DaehwanKimLab / centrifuge

Classifier for metagenomic sequences
GNU General Public License v3.0
237 stars 73 forks source link

centrifuge-downlaod fails for vertebrates #177

Open theo-allnutt-bioinformatics opened 4 years ago

theo-allnutt-bioinformatics commented 4 years ago

centrifuge-download -o library -P 24 -d "vertebrate_mammalian","vertebrate_other" refseq >> refseq_seqid2taxid.map Directory library/vertebrate_mammalian exists. Continuing Downloading ftp://ftp.ncbi.nlm.nih.gov/genomes/refseq/vertebrate_mammalian/assembly_summary.txt ... Domain vertebrate_mammalian has no genomes with specified filter.

Same result with 'genbank'

mourisl commented 4 years ago

Can you check whether the assembly_summary.txt file has been fully downloaded?

theo-allnutt-bioinformatics commented 4 years ago

Yes it has. It is not very long for mammals.

theo-allnutt-bioinformatics commented 4 years ago

I cannot get this command to work with and vertebrate genomes, but I can't see why - the summary files look the same. I've had a look at the code.. is there a way to just remove this 'filter'?

Thanks.

theo-allnutt-bioinformatics commented 4 years ago

Also if you use 'plant' it only returns three genomes. There seems to be a problem with the filter.

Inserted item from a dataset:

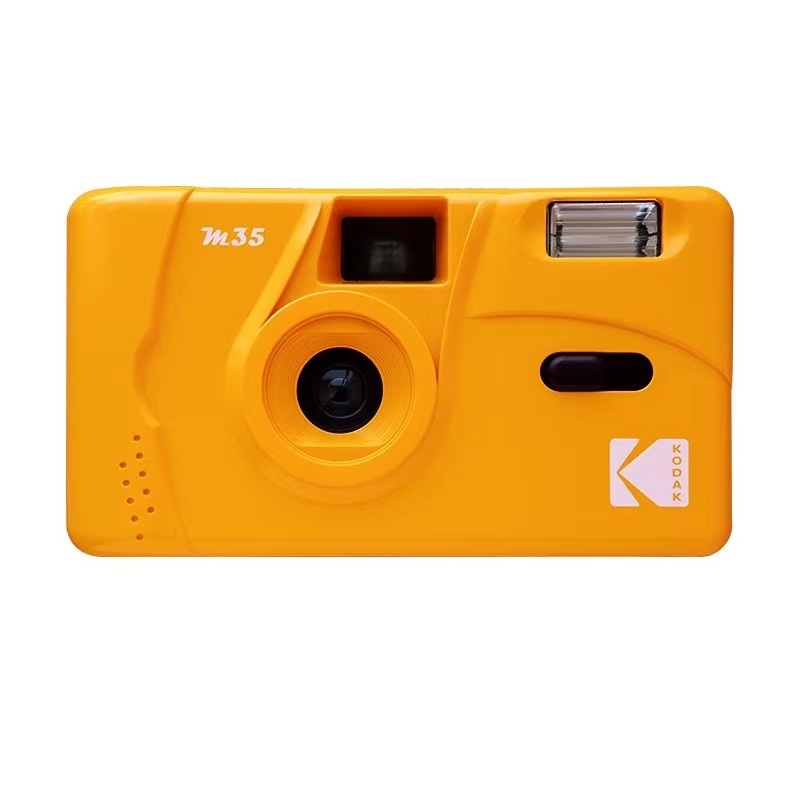Kodak M35 is a reusable film camera that use 35mm film. Just like it's range of disposable cameras, M35 has fixed focus lens, manual film winding and rewinding and switch to turn flash On/Off. Simply purchase a roll of 35mm film and load it in, take your photos, rewind and bring the film roll to develop at photo developing stores.

theo-allnutt-bioinformatics commented 4 years ago

Any solution to this??

sklasek commented 3 years ago

Hi, I believe I have the same problem when trying to download bacterial, archaeal, and viral genomes. Running centrifuge v.1.0.4-beta:

centrifuge-download -o library -P 12 -m -d 'archaea,bacterial,viral' refseq > seqid2taxid.map

Downloading ftp://ftp.ncbi.nlm.nih.gov/genomes/refseq/archaea/assembly_summary.txt ... Download failed! Have a look at valid domains at ftp://ftp.ncbi.nlm.nih.gov/genomes/refseq .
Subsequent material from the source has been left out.